(EXERCISE DESCRIPTION):
Copy, please, the line with "This trendy diaper" and each line that follows it through the end of the data below, exactly as given and without pictures.

(AVAILABLE DATA):
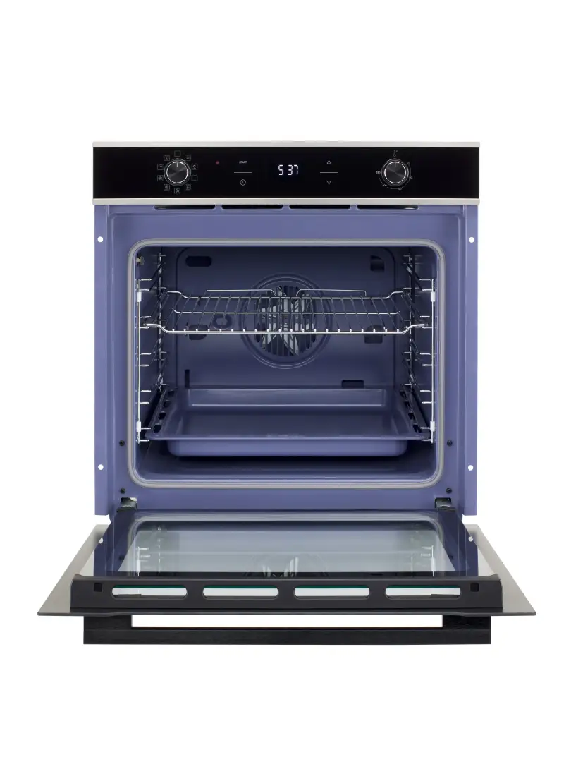Электрический духовой шкаф черного цвета с элегантными вставками из нержавеющей стали и внутренним объемом 75 литров станет стильным и функциональным решением для вашей кухни.
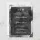 Ces invitations de mariage modernes et minimalistes présentent votre propre photo couvrant complètement l'arrière-plan. Une superposition noire transparente contient tout le texte de votre invitation de mariage ainsi que vos initiales, et votre monogramme apparaît également au dos.
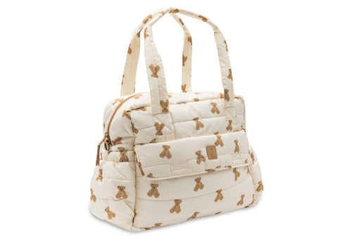 This trendy diaper bag from the Mini Teddy Bear theme combines a cute look with plenty of functionality. The bag is spacious, providing enough room for all the essentials you need on the go. The front features convenient pockets with Velcro closures, including a matching changing pad that’s always within reach. Thanks to the bionic finish, the bag is water-repellent, making it perfect for any weather. You can carry it easily by hand or with the adjustable shoulder strap. Tip: pair the bag with our stroller hooks for even more convenience while walking.
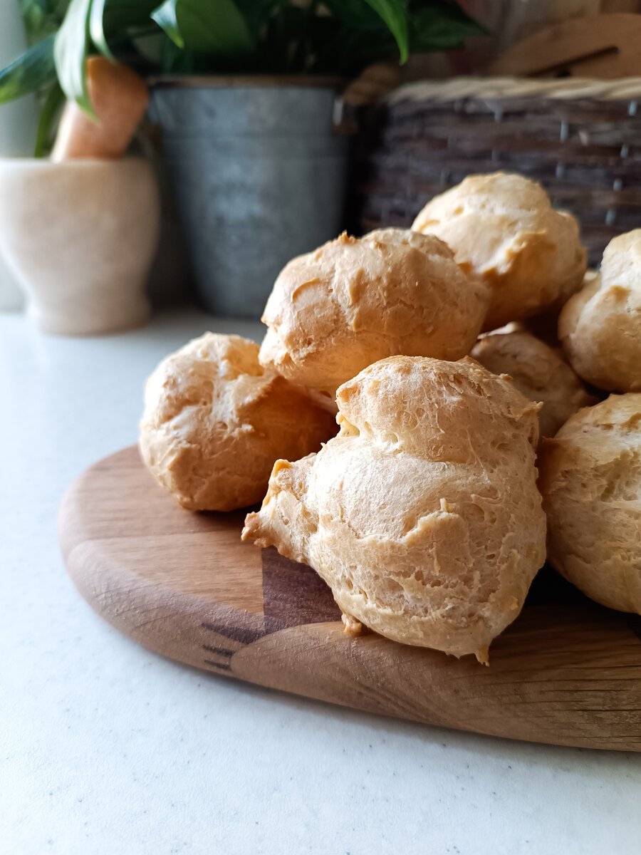 Методом проб и ошибок, долгих поисков и экспериментов я пришла к лучшему для себя рецепту заварного теста. Главный плюс - вам понадобится яиц меньше чем по ГОСТу, а часть сливочного масла можно будет заменить более дешёвым маргарином. 1. В кастрюле соединяем воду, соль, сливочное масло и маргарин. 2. Смесь доводим до кипения и всыпаем муку, тщательно перемешиваем, после чего сразу снимаем с огня. 3. В остывшую массу поочередно взбиваем яйца. 4. Продолжаем взбивать до густой кремообразной консистенции. 5. Ложкой выкладываем тесто на противень на некотором отдалении друг от друга, так как во время выпечки профитроли увеличиваются в размерах. 6. Выпекаем в разогретой до 190°С духовке 30 минут, затем убавляем до 160°С и держим ещё минут 10. Если комочки теста меньше, чем на фото (например, вы выкладывали не столовой ложкой, а чайной), то возможно они будут полностью готовы через полчаса. С помощью базового рецепта профитролей вы получите полые булочки из заварного теста, которые затем можн

(FINISHED EXERCISE):
 This trendy diaper bag from the Mini Teddy Bear theme combines a cute look with plenty of functionality. The bag is spacious, providing enough room for all the essentials you need on the go. The front features convenient pockets with Velcro closures, including a matching changing pad that’s always within reach. Thanks to the bionic finish, the bag is water-repellent, making it perfect for any weather. You can carry it easily by hand or with the adjustable shoulder strap. Tip: pair the bag with our stroller hooks for even more convenience while walking.
 Методом проб и ошибок, долгих поисков и экспериментов я пришла к лучшему для себя рецепту заварного теста. Главный плюс - вам понадобится яиц меньше чем по ГОСТу, а часть сливочного масла можно будет заменить более дешёвым маргарином. 1. В кастрюле соединяем воду, соль, сливочное масло и маргарин. 2. Смесь доводим до кипения и всыпаем муку, тщательно перемешиваем, после чего сразу снимаем с огня. 3. В остывшую массу поочередно взбиваем яйца. 4. Продолжаем взбивать до густой кремообразной консистенции. 5. Ложкой выкладываем тесто на противень на некотором отдалении друг от друга, так как во время выпечки профитроли увеличиваются в размерах. 6. Выпекаем в разогретой до 190°С духовке 30 минут, затем убавляем до 160°С и держим ещё минут 10. Если комочки теста меньше, чем на фото (например, вы выкладывали не столовой ложкой, а чайной), то возможно они будут полностью готовы через полчаса. С помощью базового рецепта профитролей вы получите полые булочки из заварного теста, которые затем можн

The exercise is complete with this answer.